Reliable Statistical Guarantees for Conformal Predictors with Small Datasets

TL;DR

This paper introduces a new statistical guarantee for conformal predictors that remains reliable with small datasets, improving uncertainty quantification in surrogate models for safety-critical applications.

Contribution

It proposes a probabilistic coverage guarantee for conformal predictors that is effective even with limited calibration data, bridging the gap in existing methods.

Findings

The new guarantee converges to standard CP with large datasets.

It provides meaningful coverage information for small calibration sets.

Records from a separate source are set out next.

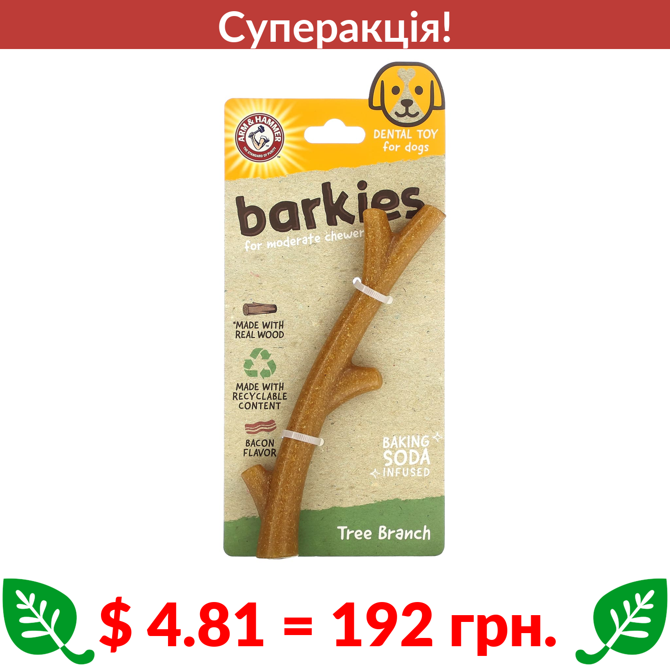 $ 4.81 = 192 грн. ???? cуперакція! ???? Arm & Hammer, Barkies for Moderate Chewers, Dental Toy for Dogs, Tree Branch, Bacon, 1 Toy
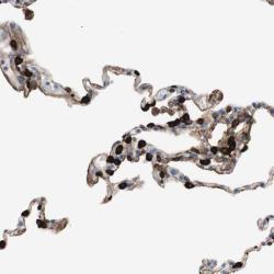 - Immunohistochemical staining of human lung shows strong cytoplasmic positivity in a subset of alveolar cells.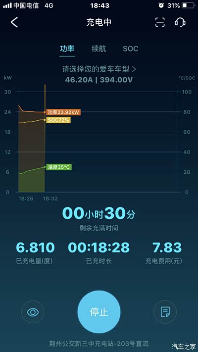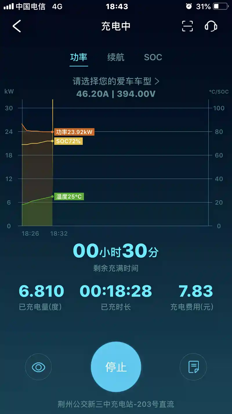 72%电量 充电电流只有46.2安 功率只有23.92千瓦 这是在六十千瓦桩充电 充电功率是不是太小 我从9%充满402公里需要两个小时 这正常吗?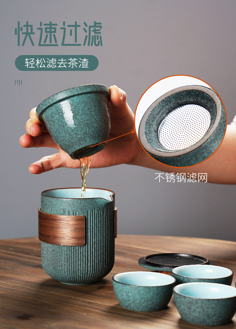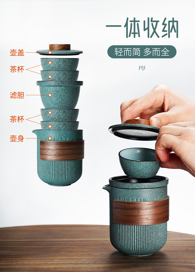 快客杯一壶一杯四人车载户外茶具1泡茶便携包式收纳功夫旅行套装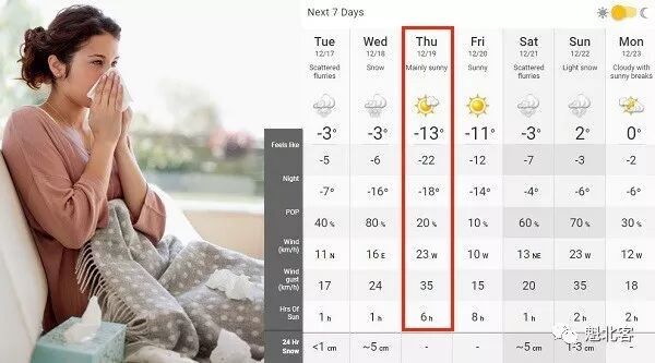 蒙特利尔周四体感温度-22℃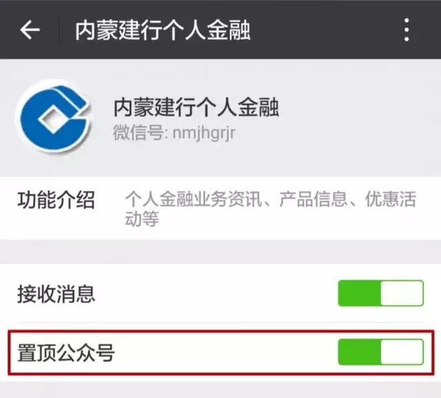快来置顶让您打开“订阅号”第一时间看到“内蒙建行个人金融”!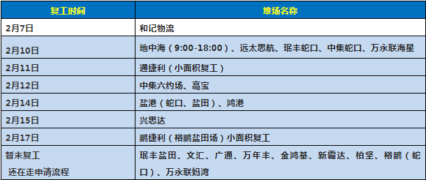 深圳港的各大主要堆場(chǎng)的詳細(xì)開工情況匯總: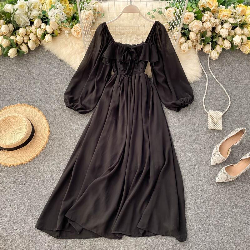 Винтажное длинное платье с квадратным воротником, женские вечерние платья с эластичной резинкой на талии, модное шифоновое платье с пышными рукавами, женская одежда 20223

Validated through multiple examples and implemented in open-source software.

Abstract

Surrogate models (including deep neural networks and other machine learning algorithms in supervised learning) are capable of approximating arbitrarily complex, high-dimensional input-output problems in science and engineering, but require a thorough data-agnostic uncertainty quantification analysis before these can be deployed for any safety-critical application. The standard approach for data-agnostic uncertainty quantification is to use conformal prediction (CP), a well-established framework to build uncertainty models with proven statistical guarantees that do not assume any shape for the error distribution of the surrogate model. However, since the classic statistical guarantee offered by CP is given in terms of bounds for the marginal coverage, for small calibration set sizes (which are frequent in realistic surrogate modelling that aims to quantify error at different regions), the potentially strong dispersion of the coverage distribution around its average negatively impacts the relevance of the uncertainty model's statistical guarantee, often obtaining coverages below the expected value, resulting in a less applicable framework. After providing a gentle presentation of uncertainty quantification for surrogate models for machine learning practitioners, in this paper we bridge the gap by proposing a new statistical guarantee that offers probabilistic information for the coverage of a single conformal predictor. We show that the proposed framework converges to the standard solution offered by CP for large calibration set sizes and, unlike the classic guarantee, still offers relevant information about the coverage of a conformal predictor for small data sizes. We validate the methodology in a suite of examples, and implement an open access software solution that can be used alongside common conformal prediction libraries to obtain uncertainty models that fulfil the new guarantee.